» **DATA UNDER STUDY**

= = = = = = =

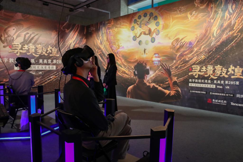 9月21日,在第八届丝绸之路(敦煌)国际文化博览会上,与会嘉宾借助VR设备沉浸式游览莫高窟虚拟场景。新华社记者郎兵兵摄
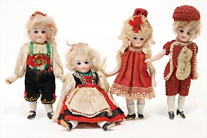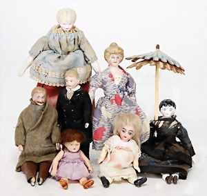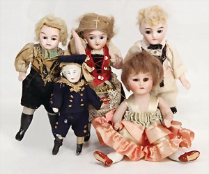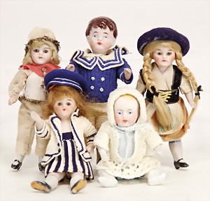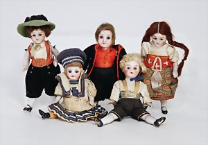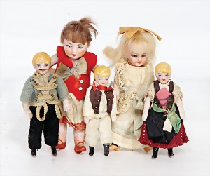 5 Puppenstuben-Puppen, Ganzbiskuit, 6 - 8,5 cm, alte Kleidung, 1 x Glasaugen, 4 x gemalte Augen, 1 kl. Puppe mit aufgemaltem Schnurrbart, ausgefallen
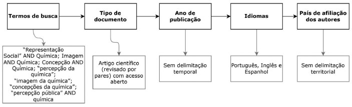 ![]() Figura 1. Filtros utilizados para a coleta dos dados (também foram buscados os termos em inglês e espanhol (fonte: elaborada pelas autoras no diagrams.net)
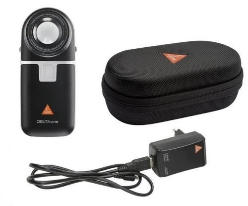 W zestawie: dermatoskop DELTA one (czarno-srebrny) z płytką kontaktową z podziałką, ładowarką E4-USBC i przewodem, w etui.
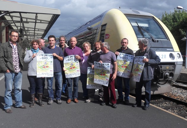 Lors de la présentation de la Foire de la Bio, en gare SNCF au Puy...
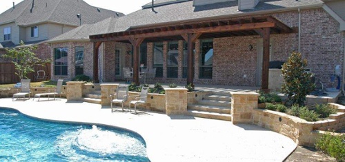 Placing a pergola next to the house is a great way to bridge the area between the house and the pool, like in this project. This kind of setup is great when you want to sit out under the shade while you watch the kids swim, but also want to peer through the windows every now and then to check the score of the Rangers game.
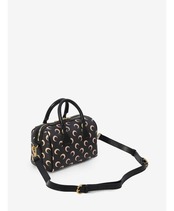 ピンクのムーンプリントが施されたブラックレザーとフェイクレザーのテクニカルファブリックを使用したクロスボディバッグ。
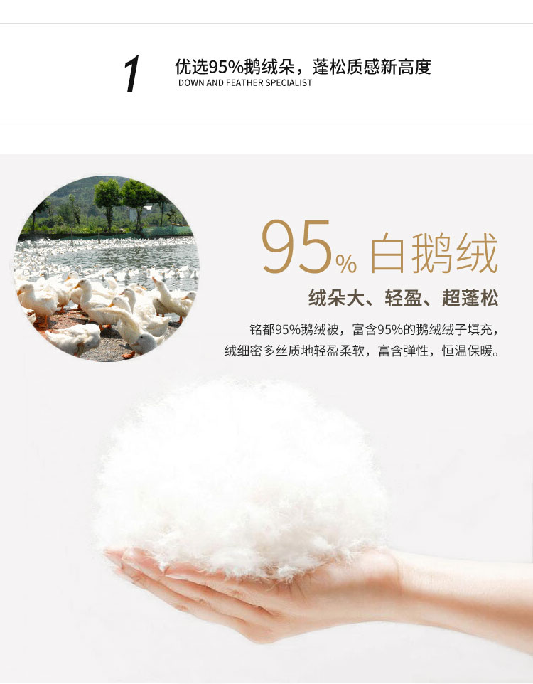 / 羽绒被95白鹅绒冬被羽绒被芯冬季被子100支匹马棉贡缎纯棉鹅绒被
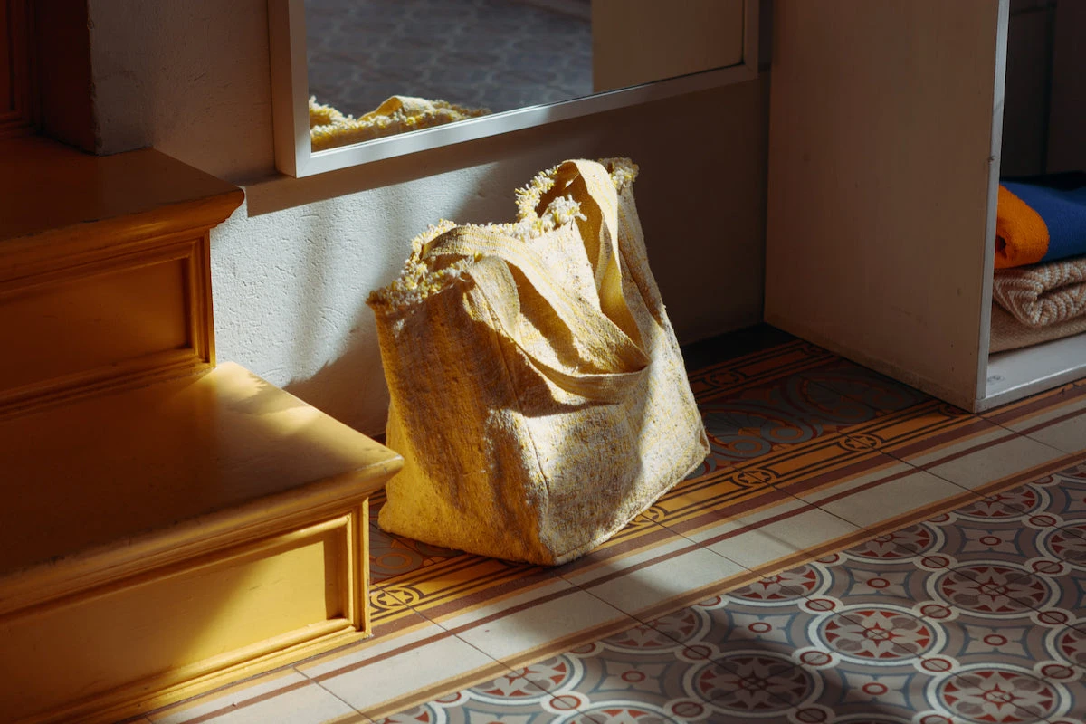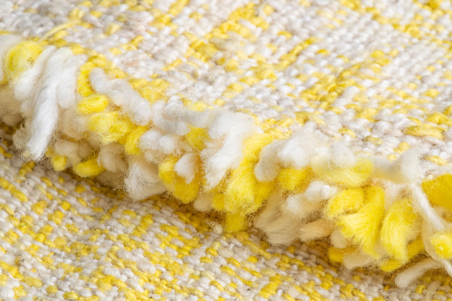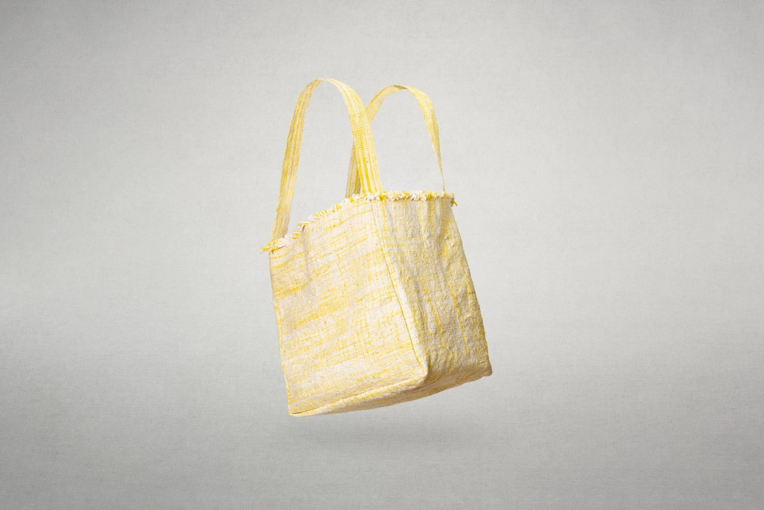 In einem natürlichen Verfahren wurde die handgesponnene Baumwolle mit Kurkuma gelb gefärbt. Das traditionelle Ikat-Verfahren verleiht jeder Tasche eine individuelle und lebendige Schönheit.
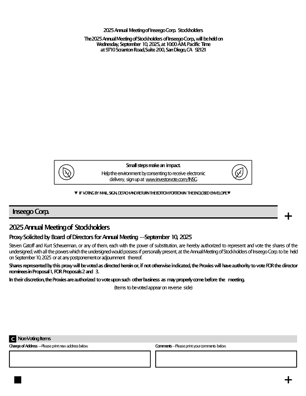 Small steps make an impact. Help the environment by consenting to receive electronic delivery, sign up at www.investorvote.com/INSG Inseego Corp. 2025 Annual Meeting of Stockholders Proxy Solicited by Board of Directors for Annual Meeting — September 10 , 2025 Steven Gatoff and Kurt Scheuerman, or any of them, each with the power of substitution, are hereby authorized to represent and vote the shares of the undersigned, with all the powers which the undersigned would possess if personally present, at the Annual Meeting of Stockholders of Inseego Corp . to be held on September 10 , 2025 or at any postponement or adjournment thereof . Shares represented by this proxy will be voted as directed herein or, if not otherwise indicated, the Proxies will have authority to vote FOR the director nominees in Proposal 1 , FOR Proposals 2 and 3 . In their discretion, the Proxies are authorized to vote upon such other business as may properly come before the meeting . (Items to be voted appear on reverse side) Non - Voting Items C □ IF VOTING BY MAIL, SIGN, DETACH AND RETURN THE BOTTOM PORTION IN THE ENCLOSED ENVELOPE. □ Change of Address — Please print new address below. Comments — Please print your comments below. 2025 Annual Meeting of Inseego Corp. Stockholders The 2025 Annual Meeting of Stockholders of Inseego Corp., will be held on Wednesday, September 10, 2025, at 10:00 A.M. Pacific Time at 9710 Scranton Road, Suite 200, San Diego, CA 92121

= = = = = = =

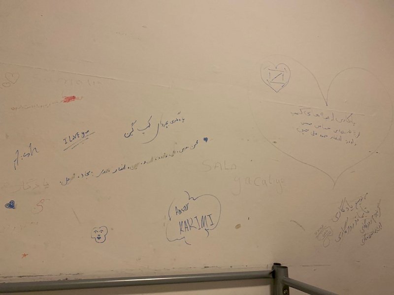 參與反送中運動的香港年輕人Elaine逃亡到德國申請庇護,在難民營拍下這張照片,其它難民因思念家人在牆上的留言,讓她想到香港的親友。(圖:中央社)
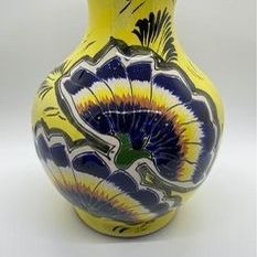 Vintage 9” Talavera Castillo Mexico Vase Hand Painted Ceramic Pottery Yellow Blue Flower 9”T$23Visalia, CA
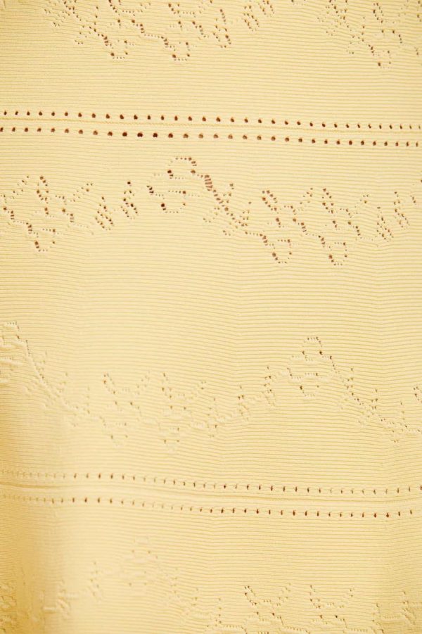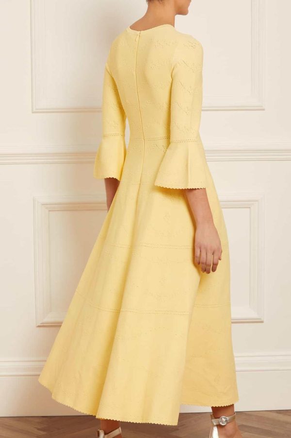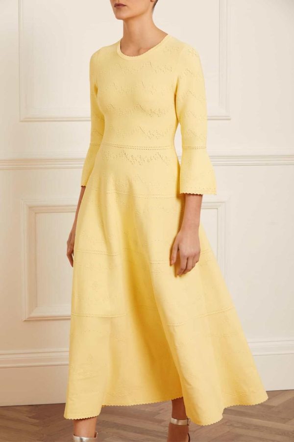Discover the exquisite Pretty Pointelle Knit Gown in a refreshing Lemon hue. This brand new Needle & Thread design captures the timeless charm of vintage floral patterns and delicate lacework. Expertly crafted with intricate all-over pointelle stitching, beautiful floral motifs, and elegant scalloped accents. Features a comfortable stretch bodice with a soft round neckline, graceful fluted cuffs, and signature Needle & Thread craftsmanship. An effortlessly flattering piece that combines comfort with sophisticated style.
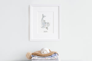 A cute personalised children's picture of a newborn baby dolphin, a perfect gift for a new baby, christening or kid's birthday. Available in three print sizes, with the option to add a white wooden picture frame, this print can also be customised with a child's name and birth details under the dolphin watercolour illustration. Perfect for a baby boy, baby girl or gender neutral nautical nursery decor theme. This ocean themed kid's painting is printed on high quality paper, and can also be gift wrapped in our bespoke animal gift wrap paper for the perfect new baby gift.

= = = = = = =

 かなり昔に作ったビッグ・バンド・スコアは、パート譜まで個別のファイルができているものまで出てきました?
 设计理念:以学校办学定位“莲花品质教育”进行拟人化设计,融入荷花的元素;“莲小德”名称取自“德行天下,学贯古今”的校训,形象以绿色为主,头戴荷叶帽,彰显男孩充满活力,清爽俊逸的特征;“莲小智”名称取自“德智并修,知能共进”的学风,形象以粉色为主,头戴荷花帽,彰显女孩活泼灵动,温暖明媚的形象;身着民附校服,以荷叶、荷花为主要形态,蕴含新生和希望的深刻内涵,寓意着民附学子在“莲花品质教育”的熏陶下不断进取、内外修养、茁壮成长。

= = = = = = =

» **REQUIREMENT**
Transcribe, word for word, the stretch of lines in the data above from the one with "9月21日,在第八届丝绸之路" through the one with "5 Puppenstuben-Puppen, Ganzbiskuit, 6"; omit all pictures.

» **SOLUTION**
 9月21日,在第八届丝绸之路(敦煌)国际文化博览会上,与会嘉宾借助VR设备沉浸式游览莫高窟虚拟场景。新华社记者郎兵兵摄
 5 Puppenstuben-Puppen, Ganzbiskuit, 6 - 8,5 cm, alte Kleidung, 1 x Glasaugen, 4 x gemalte Augen, 1 kl. Puppe mit aufgemaltem Schnurrbart, ausgefallen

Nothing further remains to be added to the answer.